Consensus Statements and Real-World Implications

2014 ACOG / SNFM statement

In March, ACOG and SMFM released a consensus statement on prevention of primary cesareans. It made several significant recommendations, such as:

  • A prolonged latent phase (eg, greater than 20 hours in nulliparous women and greater than 14 hours in multiparous women) should not be an indication for cesarean delivery.
  • Cervical dilation of 6 cm should be considered the threshold for the active phase of most women in labor….
  • Before 41 0/7 weeks of gestation, induction of labor generally should be performed based on maternal and fetal medical indications. Inductions at 41 0/7 weeks.. should be performed to reduce the risk of cesarean delivery… perinatal morbidity and mortality.
  • Cesarean delivery to avoid potential birth trauma should be limited to estimated fetal weights of at least 5,000 g… [Note: that’s 11 pounds]

All potential game changers, right? And there’s more! If you haven’t read the statement yet, do. All childbirth educators would benefit from the info on typical length of pregnancy, length of labor, etc.

But, I find myself wondering. Will it be a game changer?

How much effect does a consensus statement (even a major one like this) have on actual practice and how long does it take for that effect to appear?

2010 VBAC Consensus Statement

So, let’s look back at another major consensus statement: Vaginal Birth after Cesarean, an NIH consensus statement from March 2010.

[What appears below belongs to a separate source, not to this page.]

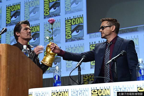 扮演薩諾斯的Josh Brolin也出席了,手上果然裝備著無限手套。鋼鐵人獻給他的花還被吃掉了。

First, the context for the NIH consensus panel: This was at a time when VBAC rates had been dropping steadily since 1997. One factor in these dropping rates was availability of VBAC as an option. In 1999, ACOG released a practice guideline that trial of labor should only occur in hospitals where physicians and anesthesiologists are “immediately available” 24 hours a day to perform emergency cesareans. A joint statement from ACOG and ASA in 2008 re-affirmed this.  Surveys found that 30% of hospitals (especially smaller hospitals and rural facilities) stopped offering trial of labor because they could not provide immediate surgical and anesthesia services.

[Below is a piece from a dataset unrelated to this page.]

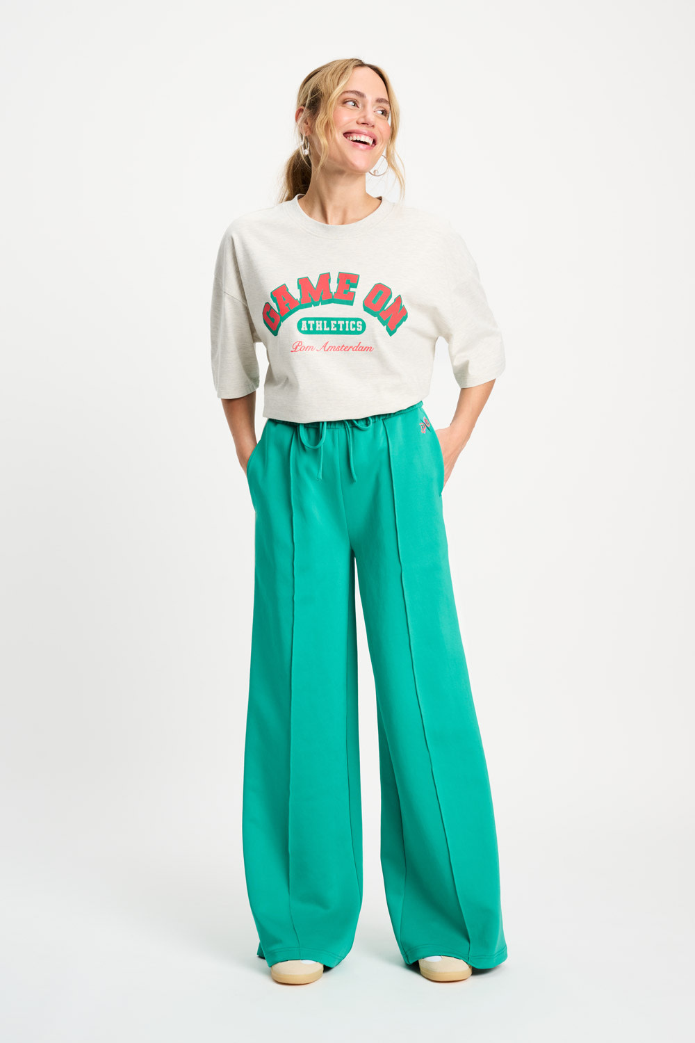 Pom Amsterdam TRACKPANTS - Stripe Wander Green

The NIH recommendations in 2010 included:

  • Given the available evidence, trial of labor is a reasonable option for many pregnant women with one prior low transverse uterine incision.
  • When trial of labor and elective repeat cesarean delivery are medically equivalent options, a shared decision-making process should be adopted and, whenever possible, the woman’s preference should be honored.
  • We are concerned about the barriers that women face in gaining access to … trial of labor. Given the low level of evidence for the requirement for “immediately available” surgical and anesthesia personnel… we recommend [ACOG and ASA] reassess…

What effect did this NIH statement have on ACOG?

ACOG did update their clinical guidelines on VBAC in August of that year. There was some positive progress toward VBAC access there, such as the statement “Most women with one previous cesarean delivery with a low transverse incision are candidates for and should be counseled about vaginal birth after cesarean delivery (VBAC) and offered a trial of labor after previous cesarean delivery (TOLAC).” However, despite the NIH recommendation to reassess this requirement, they retained the wording “TOLAC [should] be undertaken in facilities with staff immediately available to provide emergency care”

What effect did the NIH statement have on VBAC rates?

In 2009, VBAC rate was 8.4%. The NIH statement was released in March of 2010. The 2010 rate was 9.2%, 2011 was 9.7%, and 2012 was 10.2%. [Data is not yet available for 2013.]

So, we have seen some improvement since the consensus statement, which is good news for VBAC advocates.

However, we are nowhere near the rates seen in the mid-1990’s before ACOG recommended “immediate access” requirement for hospitals allowing VBAC.

VBAC rate

Obviously, there are many factors at play in the VBAC rate, beyond the NIH recommendations and the ACOG Guidelines, such as financial reimbursements for procedures, liability concerns and more. Plus, practitioners may be slow to change their practice.

I suspect that some of the new guidelines from the 2014 ACOG / SMFM statement will become standard practice quickly, others are already being viewed as controversial, and are less likely to become standard practice.